Task directions ::
Write out, please, each line from the one containing "1.根据Dolphin项目r" to the final line of the data, both included, exactly and without pictures.
::: Given data :::
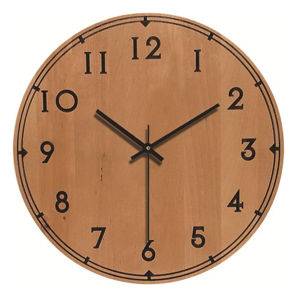 Analog veggklokke med svarte tall 30 cm - Tre
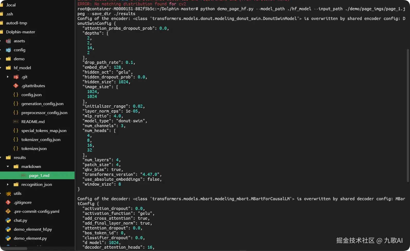 1.根据Dolphin项目requirements.txt要求,准备安装环境,安装torch2.1.0版本环境。我这里准备了一个干净的docker容器。
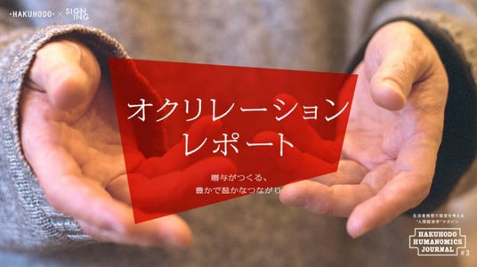 株式会社博報堂、博報堂DYグループの株式会社 SIGNING は、生活者発想で経営を考える研究開発・社会実装プロジェクト「HAKUHODO HUMANOMICS STUDIO」の活動の第三弾として「オクリレーションプロジェクト」を発足し、本日「オクリレーション・レポート」を発表しましたのでお知らせいたします。>レポートはこちら https://www.hakuhodo.co.jp/humanomics-studio/assets/pdf/OKURILATION_Report.pdf
:::
Answer area ::
 1.根据Dolphin项目requirements.txt要求,准备安装环境,安装torch2.1.0版本环境。我这里准备了一个干净的docker容器。
 株式会社博報堂、博報堂DYグループの株式会社 SIGNING は、生活者発想で経営を考える研究開発・社会実装プロジェクト「HAKUHODO HUMANOMICS STUDIO」の活動の第三弾として「オクリレーションプロジェクト」を発足し、本日「オクリレーション・レポート」を発表しましたのでお知らせいたします。>レポートはこちら https://www.hakuhodo.co.jp/humanomics-studio/assets/pdf/OKURILATION_Report.pdf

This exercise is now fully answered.